Every once in a while you need to do a sanity check of your code, how it performs and what you can do to improve it. This is most apparent with a code-base that is developed and refactored over a period of several years. There can be several problems that negatively impact performance due to dependency issues or legacy code that should have been removed but was forgotten during a refactoring sprint.

In effect, everybody is looking for low hanging fruit. Perhaps a slow performing SQL query, or just some processing which is taking O(P*N*M) due to sloppy code. The trick is to figure out where your code is wasting time. Sure, you can have profiled code with tools like xhprof, but the inherent verbosity can leave you with a mess of data which you'll never get around to analyze. I had gigabytes of profiler logs to prove it.

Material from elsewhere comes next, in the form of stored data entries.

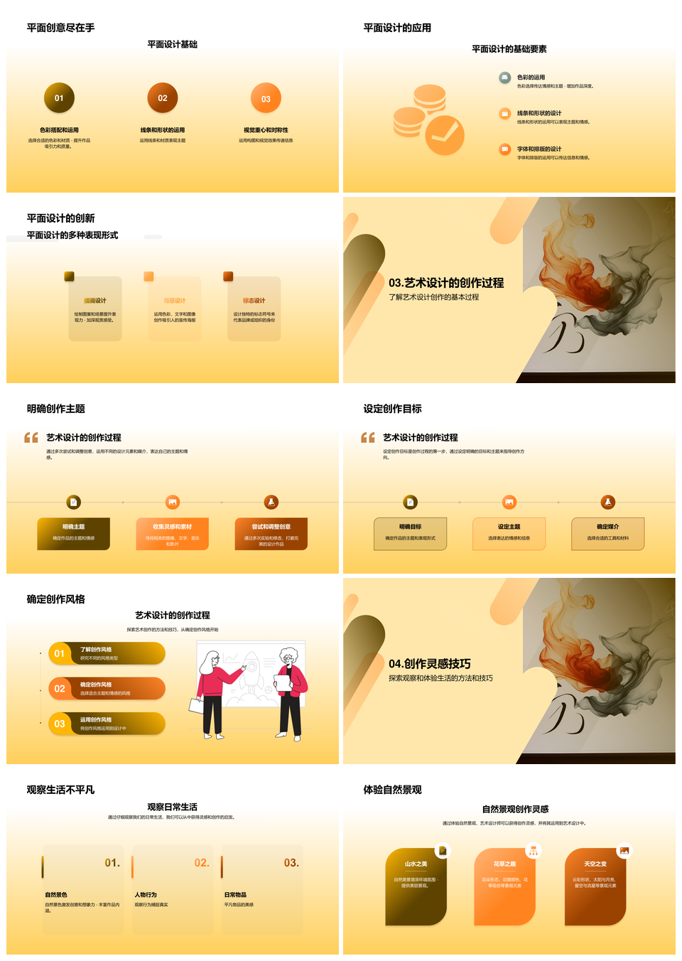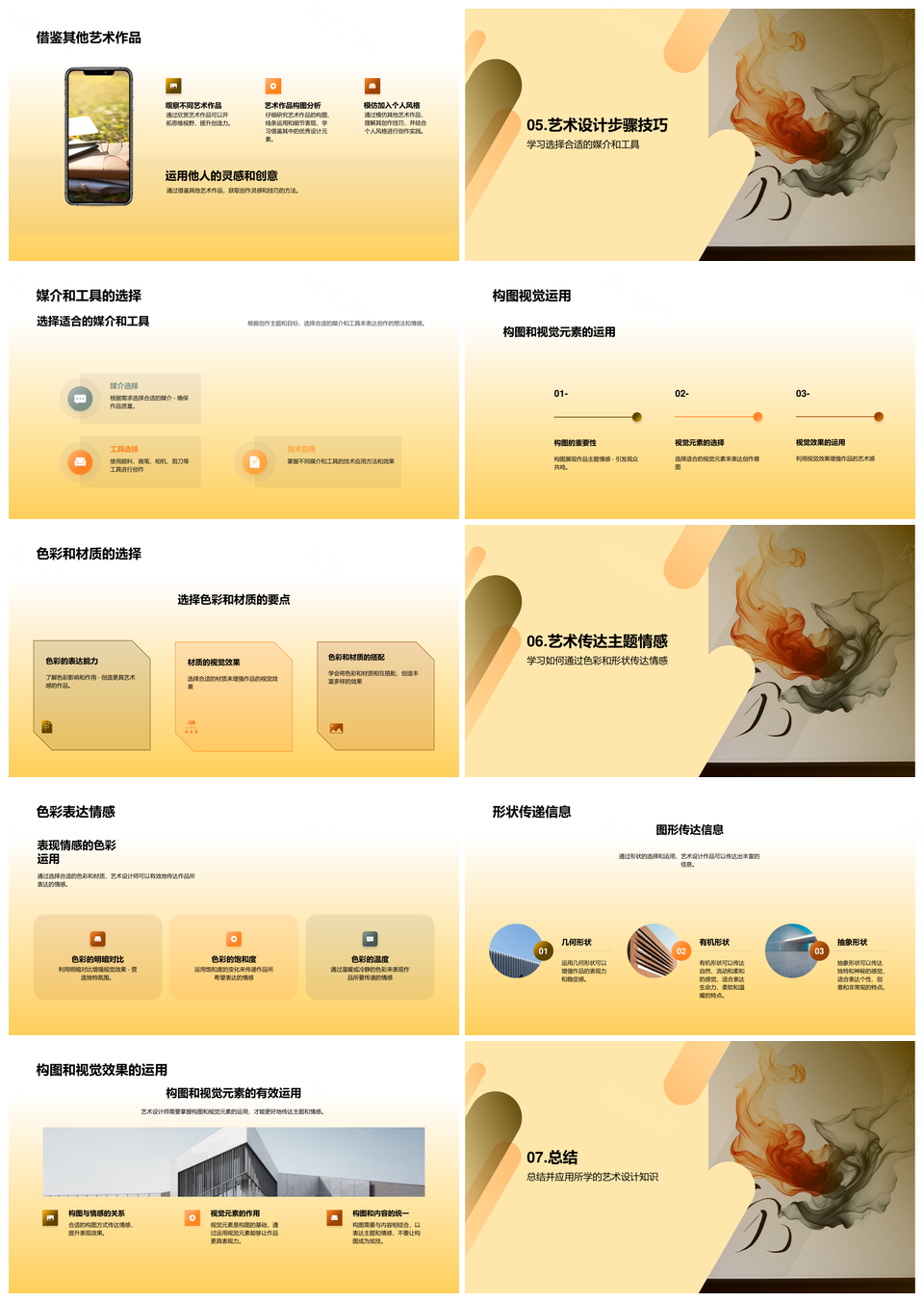 艺术设计创作技巧色彩线条形状笔触分享PPT模板推荐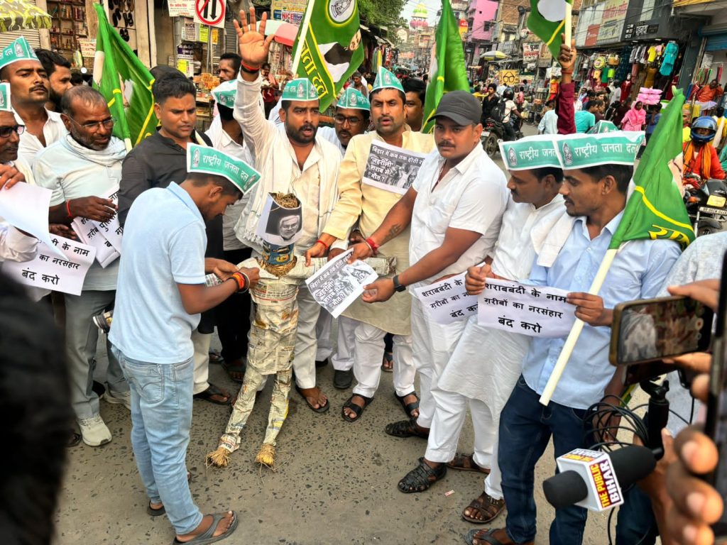 बिहार मे ज़हरीली शराब से मौत के विरूद्ध में आज हाजीपुर के गांधी चौक पर युवा राजद के प्रदेश महासचिव निर्दोष यादव के नेतृत्व राजद नेताओं ने बिहार के मुख्यमंत्री का पुतला दहन किया और सरकार के विरोध में नारे लगाये मीडिया से बात करते हुए युवा राजद नेता निर्दोष यादव ने बताया की बिहार में शराबबंदी फेल है जिस तरह से पुलिस-प्रशासन के सहयोग से और सत्ता में बैठे नेताओं के शह पर बिहार के लोगों को ज़हरीली शराब बेची जा रही है गरीब लोग ज़हरीली शराब पीकर अपनी जान गवा रहे है अब तो बिहार में शराब के अलावा कोटा और स्मैक पीकर छोटे छोटे बच्चे अपना भविष्य बर्बाद कर रहे हैं सरकार नशा पर लगाम लगाने में पुरी तरह से फेल है सरकार को बिहार के लोगों की कोई चिन्ता ही नहीं है हम सरकार से माँग करते हैं की शराबबंदी सही तरीक़े से लागू करे और मृतक के परिजनों को 20 लाख रुपये का मुआवज़ा दे और दोषी पुलिस-प्रशासन को कड़ी से कड़ी सजा दे कार्यक्रम में मुख्य रूप से राजद नेता राकेश रमण चौबे,मुखिया राजीव रंजन यादव,लखेन्दर दास,बलराम गिरी,रामलाल राय,शिक्षक रामबली राय,जितेंद्र यादव,मो.शदान खान,सरोज यादव,वशिष्ठ राय,अमोद चौरसीया,जसीम अहमद,रणधीर यादव,पैक्स अध्यक्ष कन्हैया लाल सिंह,डा अरुण सिंह,सौरभ यादव,तेजनारायण साह,छोटू यादव,शिवप्रसाद राम,सुबोध यादव,अभिमन्यु यादव,यादव,सरपंच रणवीर यादव,रूद्रमणी, मंजय पासवान,राजीव रावत,निक्कू यादव,अजय यादव,अरविंद पासवान सहित सैकड़ों कार्यकर्ता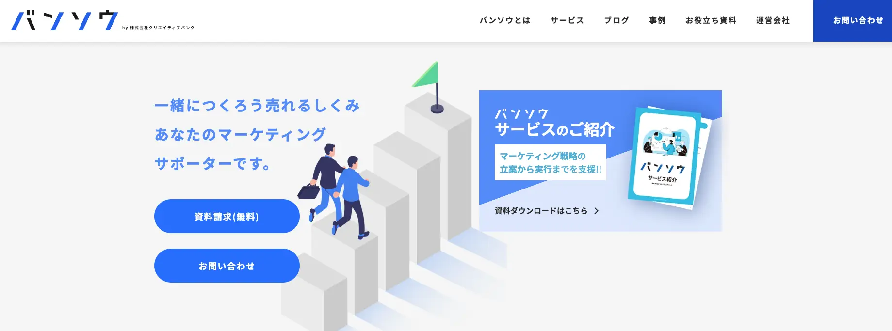 | 株式会社クリエイティブバンク(バンソウ) | 戦略設計から実行・改善までの一気通貫体制 | 半年でお問い合わせが3倍に増加 |

Lucky for me, I use check points in our own custom CMS software. Each time a specific core method or functionality is being used, a function gets called along with some descriptive argument. Think of it as assertions, except there's much less of them, up to about 30 per pageload, depending on the complexity of the page being loaded.

It took about 3 hours to write tooling to log this data into Redis. Or more specifically, since I am only interested in real-time data, I pushed each request and each check point call into a Redis channel (Pub/Sub). All that was left to do after that was write some tooling (colors, yay!) that listened to the data, processed it and tried to illustrate where the time was being spent. This was the final result.

As far as low hanging fruit goes, this was good enough to shave 40ms over all requests, due to some legacy code that was still being used. Basically we included a cache file with menu data, which wasn't even used for a majority of requests. And the same cache file was loaded explicitly later in the execution, when the data was actually being used. The change, even if slight, is visible on each cluster machine.

And even looking at the output above I can see some clear performance problems in the "firstpage blocks" section, between admin_menu_dao and mojsplet_dao. A whole 0.34 seconds are getting wasted there, which represents about 55% of total time. I know the firstpage is a complex module, but I also know this could be shaved down to about 0.2 sec total without goat sacrifices.

I'm guessing there's a lot of redundant processing and ineffective big-O calls in there, along with some recursion from what I remember. Either way, the affected code base in that area is perhaps 50-100kb, so it shouldn't be hard to track down the badly performing code and optimize it away. Not bad for 3 hours of work and about a pint of coffee.